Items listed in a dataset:

□ □ □ □ □

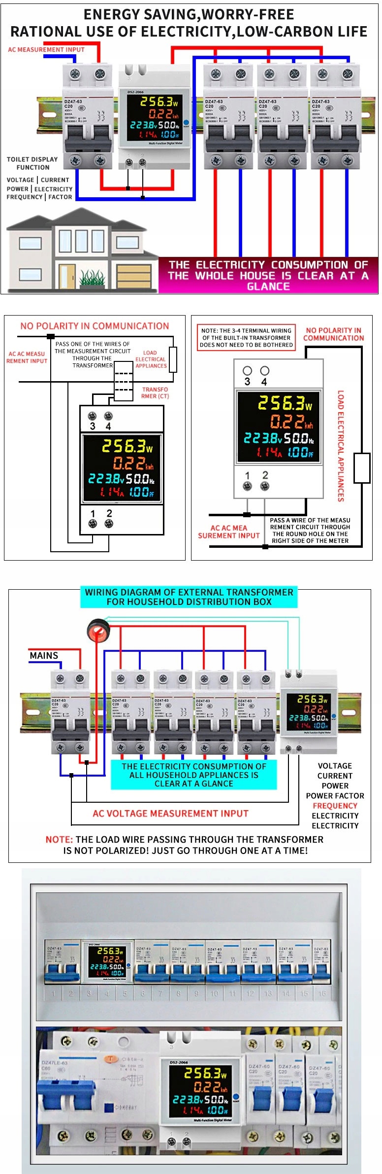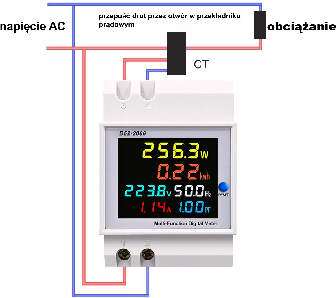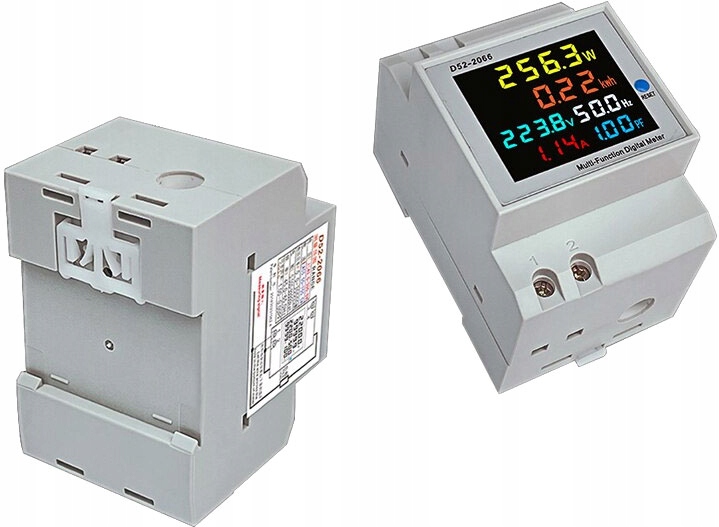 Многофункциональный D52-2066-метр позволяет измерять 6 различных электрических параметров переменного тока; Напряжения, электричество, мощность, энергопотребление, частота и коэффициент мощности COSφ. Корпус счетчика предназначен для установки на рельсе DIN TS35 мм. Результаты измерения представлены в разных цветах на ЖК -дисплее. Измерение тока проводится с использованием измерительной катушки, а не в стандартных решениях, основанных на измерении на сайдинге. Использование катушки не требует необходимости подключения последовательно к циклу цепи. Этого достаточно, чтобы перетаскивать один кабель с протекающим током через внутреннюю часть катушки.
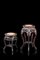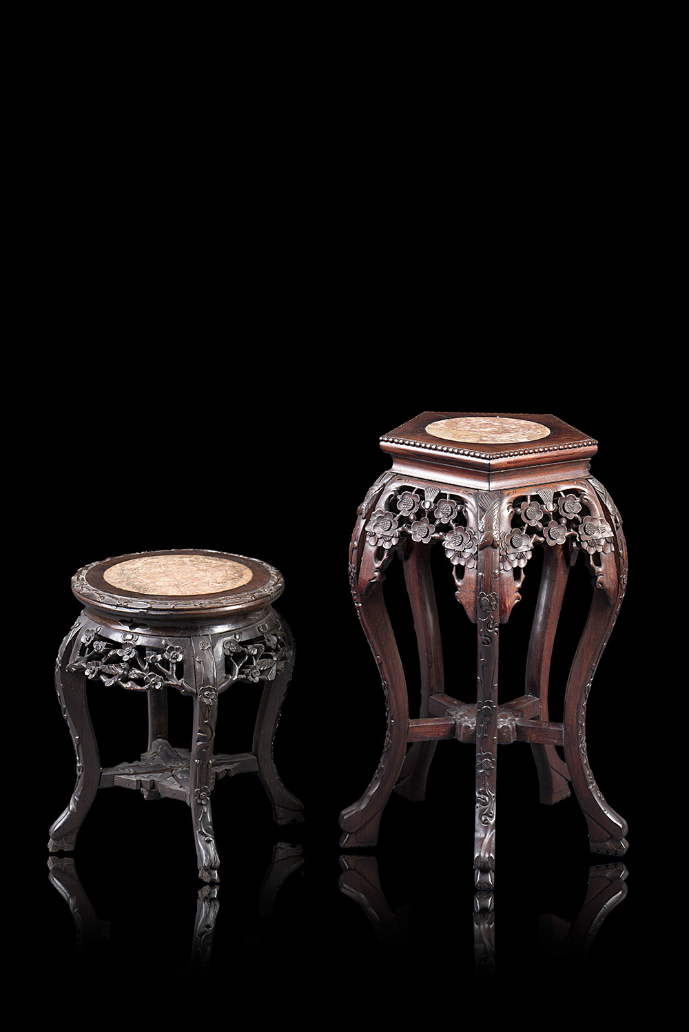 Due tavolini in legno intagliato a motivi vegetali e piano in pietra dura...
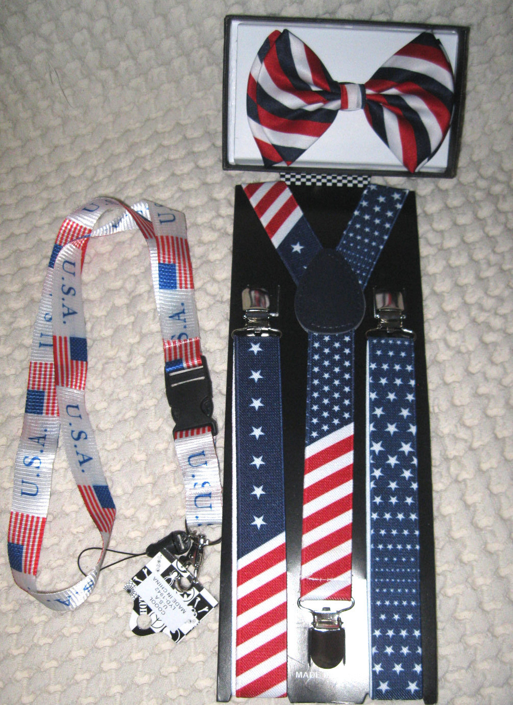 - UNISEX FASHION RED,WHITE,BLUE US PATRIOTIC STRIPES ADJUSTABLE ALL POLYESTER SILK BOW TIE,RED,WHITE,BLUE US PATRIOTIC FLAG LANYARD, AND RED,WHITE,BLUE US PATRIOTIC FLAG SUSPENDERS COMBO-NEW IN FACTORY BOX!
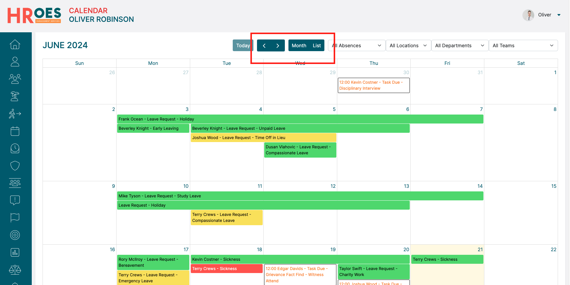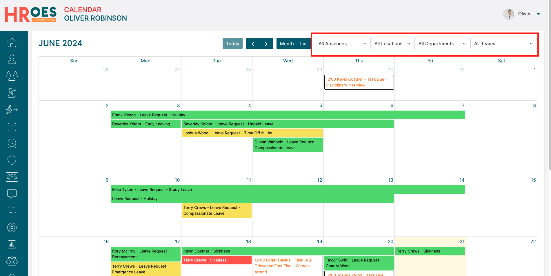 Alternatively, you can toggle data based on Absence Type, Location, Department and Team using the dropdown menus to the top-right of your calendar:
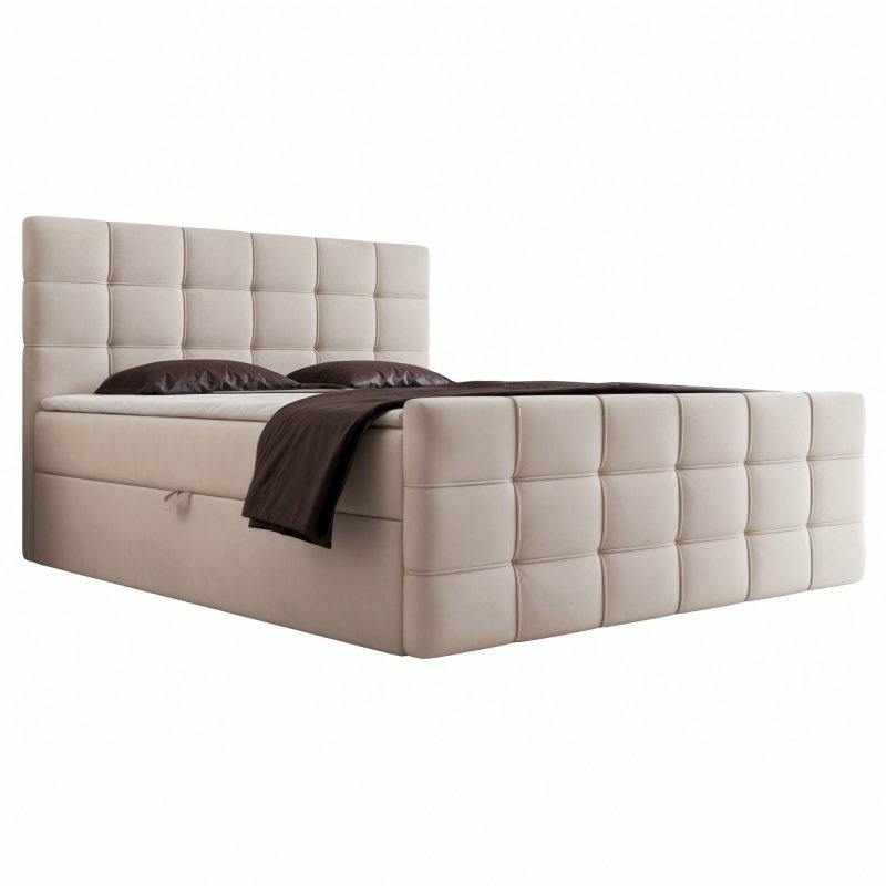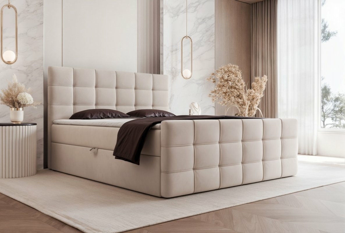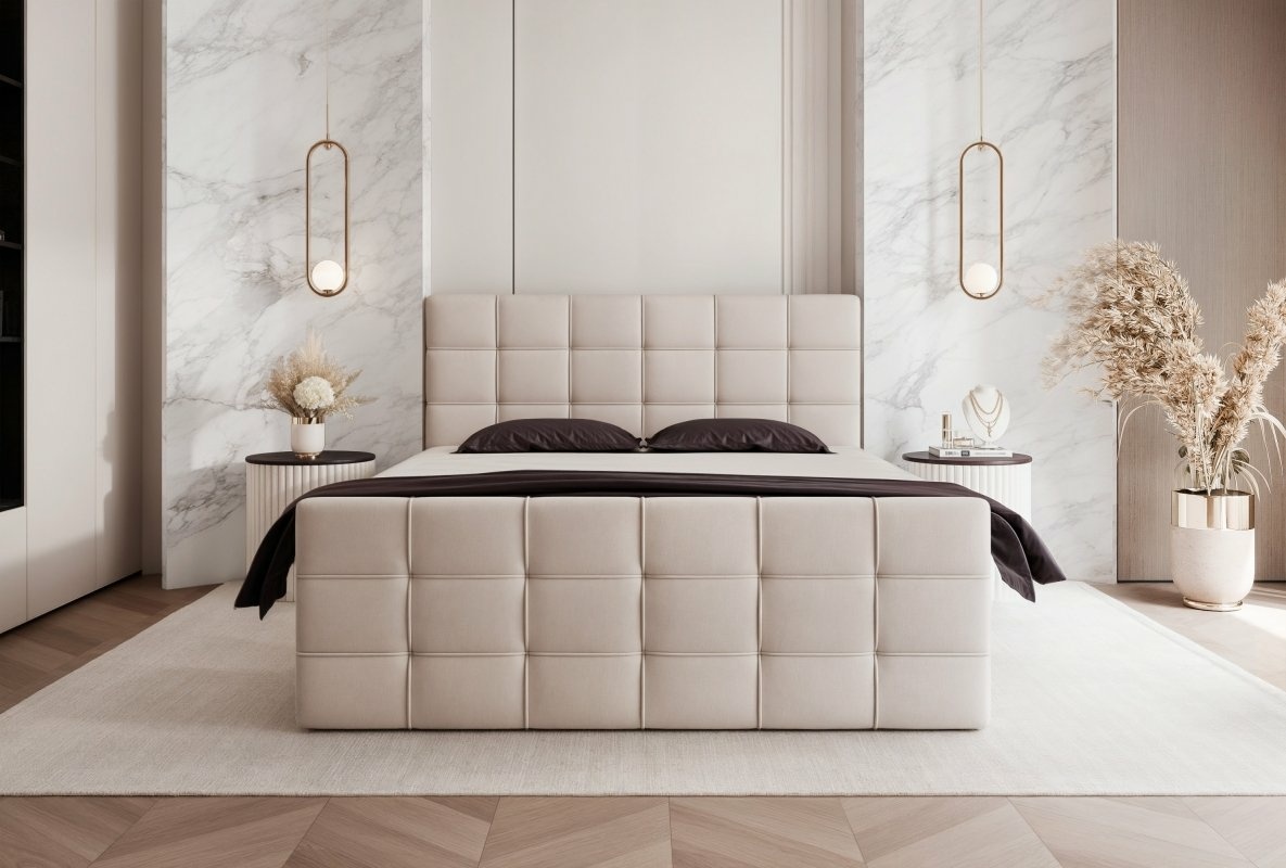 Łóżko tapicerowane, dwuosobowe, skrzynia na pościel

□ □ □ □ □

* **Work to complete**
Take the line containing "- UNISEX FASHION" and every line after it up to the end of the entries, and quote them exactly. Both ends count; the pictures do not.

* **Answer to the exercise**
 - UNISEX FASHION RED,WHITE,BLUE US PATRIOTIC STRIPES ADJUSTABLE ALL POLYESTER SILK BOW TIE,RED,WHITE,BLUE US PATRIOTIC FLAG LANYARD, AND RED,WHITE,BLUE US PATRIOTIC FLAG SUSPENDERS COMBO-NEW IN FACTORY BOX!
 Alternatively, you can toggle data based on Absence Type, Location, Department and Team using the dropdown menus to the top-right of your calendar:
 Łóżko tapicerowane, dwuosobowe, skrzynia na pościel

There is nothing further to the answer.